本発明は外力の作用による可撓性板状体の撓みにより容量が変化する可変容量構造体に関する。
系に作用する外力として、加速度に基づく物体に作用する力、圧力、流速、磁力、静電気力などがあるが、これらの外力を正確に測定することが必要となる場合が多い。例えば自動車を開発する段階で自動車が物体に衝突したときに座席における衝撃力を測定することが行われている。また地震時の振動エネルギーや振幅を調べるためにできるだけ精密に揺れの加速度などを調べる要請がある。更にまた液体や気体の流速を正確に調べてその検出値を制御系に反映させる場合や、磁石の性能を測定する場合なども外力の測定例として挙げることができる。このような測定を行うに当たって、測定装置にはできるだけ簡素な構造であり、かつ高精度に測定することが要求されている。
このような加速度検出センサとしては、例えば特許文献1に記載されたような可変容量構造体が知られている。この可変容量構造体は、片持ちの水晶板の両面に励振電極を設けて水晶振動子とすると共に、水晶板の下面側の先端部に可動電極を設け、可動電極に対向して固定電極を設けることにより構成される。水晶板に外力が加わって撓むと、可変容量構造体の容量が変わり、この容量変化を水晶板の発振周波数の変化として捉えられる。

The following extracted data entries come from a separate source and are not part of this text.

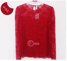 断码特价 丽维正品 年秋冬新款圆领蕾丝镂空女式长袖打底衫LX4342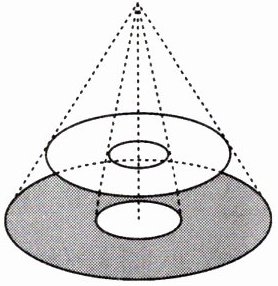 13. 圆桌面(桌面中间有一个直径为0.4 m的圆洞)正上方的灯泡(看作一个点)发出的光线照射平行于地面的桌面后,在地面上形成如图所示的圆环形阴影. 已知桌面直径为1.2 m,桌面离地面1 m. 若灯泡离地面3 m,则地面圆环形阴影的面积是( )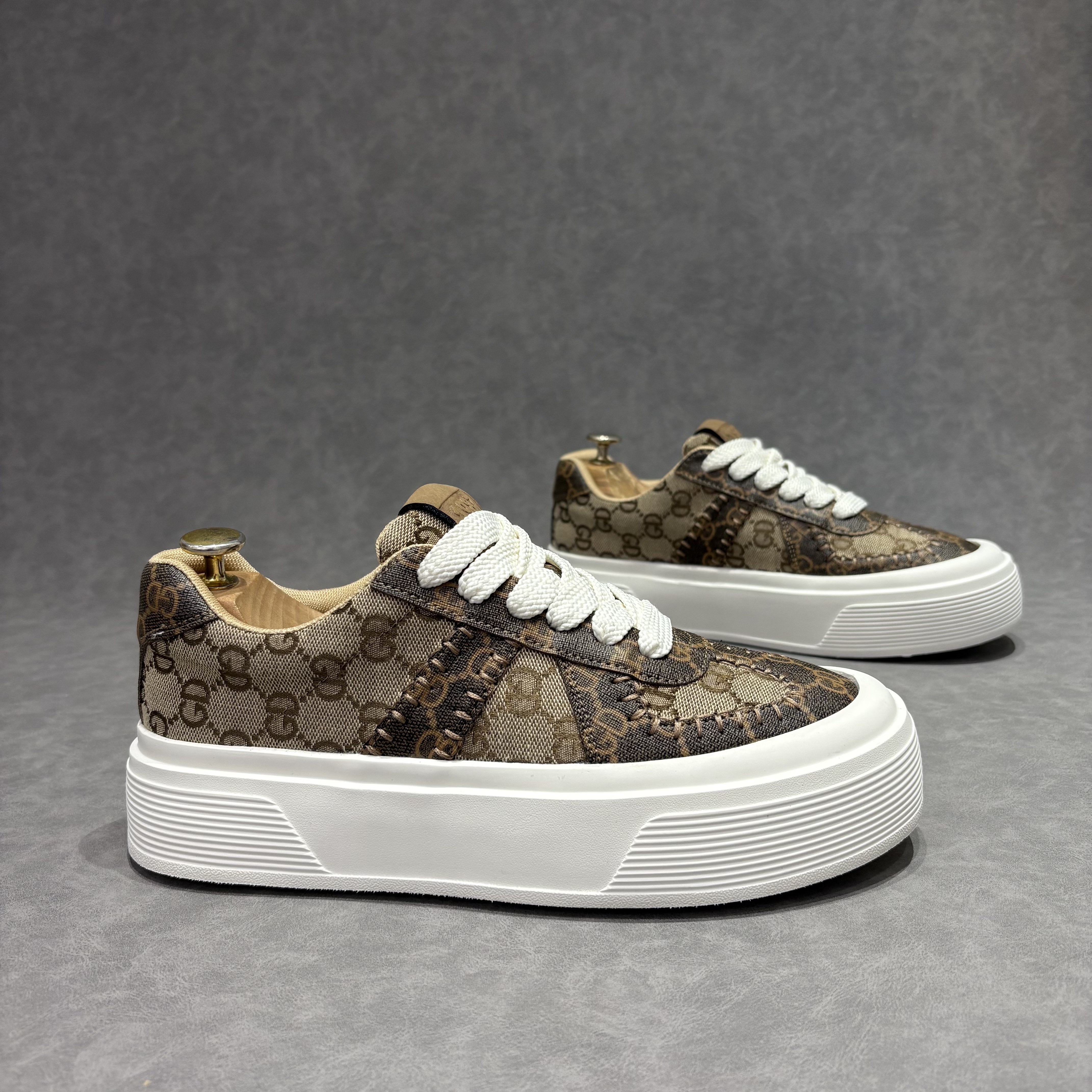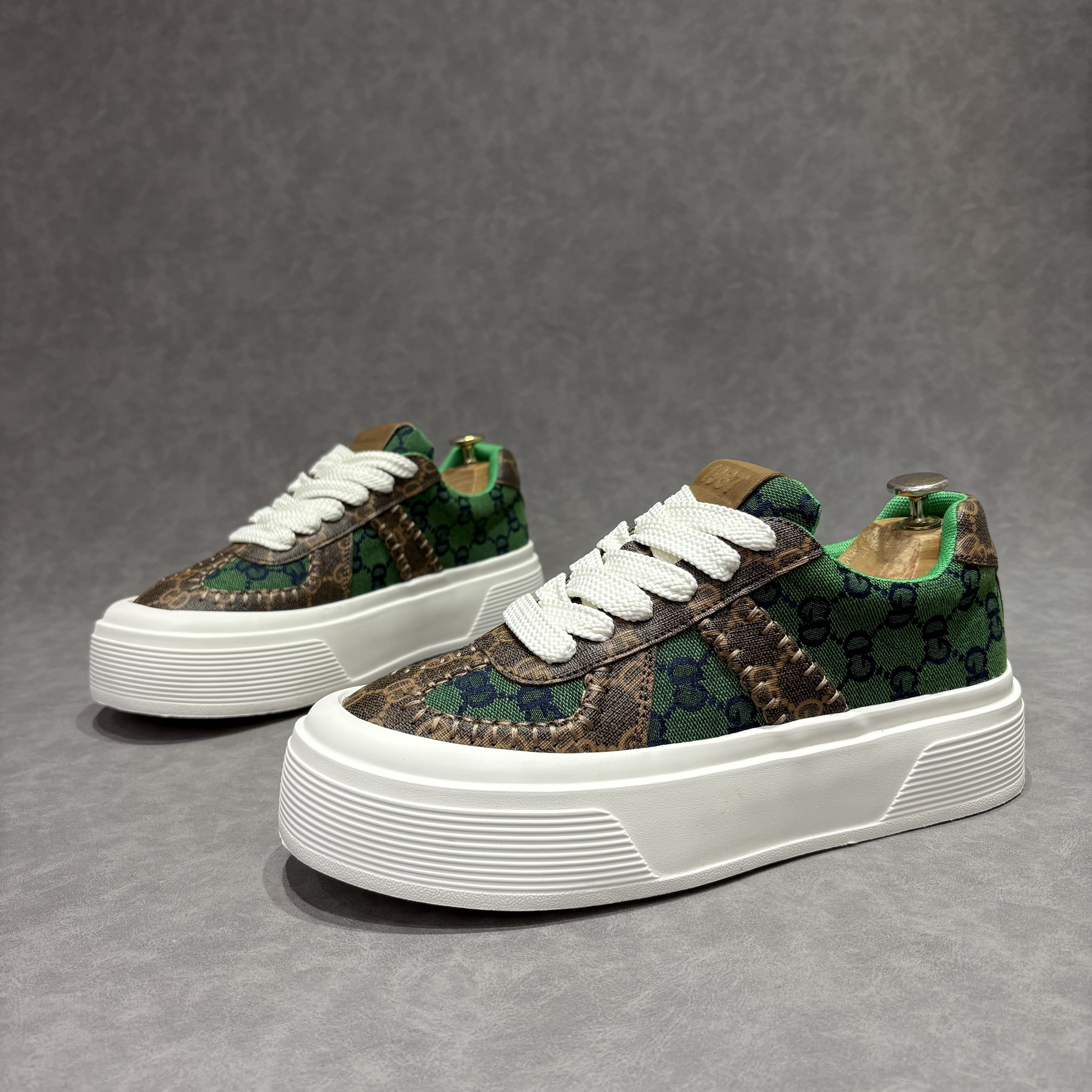 字母印花潮流男士低帮板鞋春季新款拼接布面白底休闲鞋超轻舒适鞋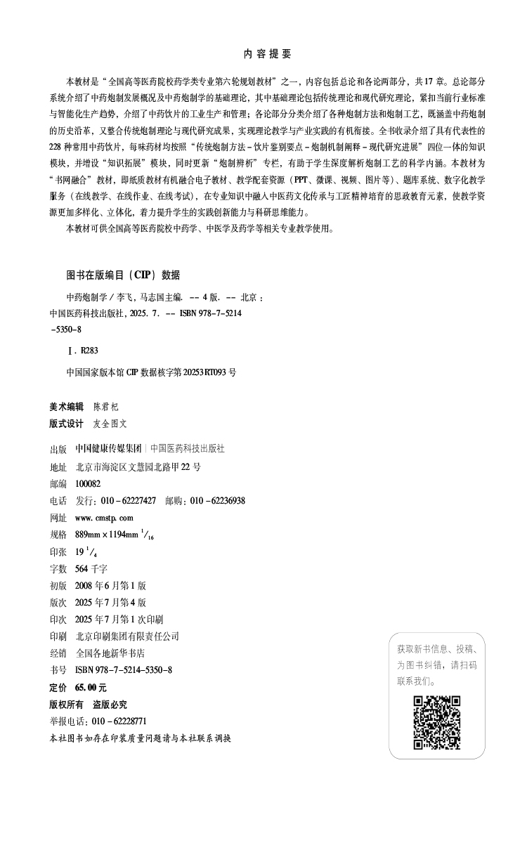 中药炮制学 第4四版 (全国高等医药院校药学类专业第六轮规划教材) 李飞 马志国 主编 供中药学及相关专业用 中国医药科技出版社

しかしながら水晶板を片持ちの構成とした場合には、高い感度を得るために撓み量を大きくした場合、大きな衝撃が加わった場合に水晶板の先端部が衝突により破損する虞がある。また加速度検出センサを例えばX,Y,Z方向の3軸の外力検出装置を用いる場合に、X、Y軸の外力を検出する加速度検出センサにおいては、水晶板の先端部がねじれてしまい、水晶板の設定角度の調整が難しくなる虞がある。
また水晶板を両持ちとする構成にした場合には、大きな撓み量を得ることが難しく、外力に従い容量を大きく変化させることが難しくなる問題があった。
特開2013−7653号公報
本発明はこのような事情の下になされたものであり、その目的は外力の作用による可撓性板状体の撓みを利用して容量が変化する可変容量構造体において、外力に対する容量変化の感度を高める技術を提供することにある。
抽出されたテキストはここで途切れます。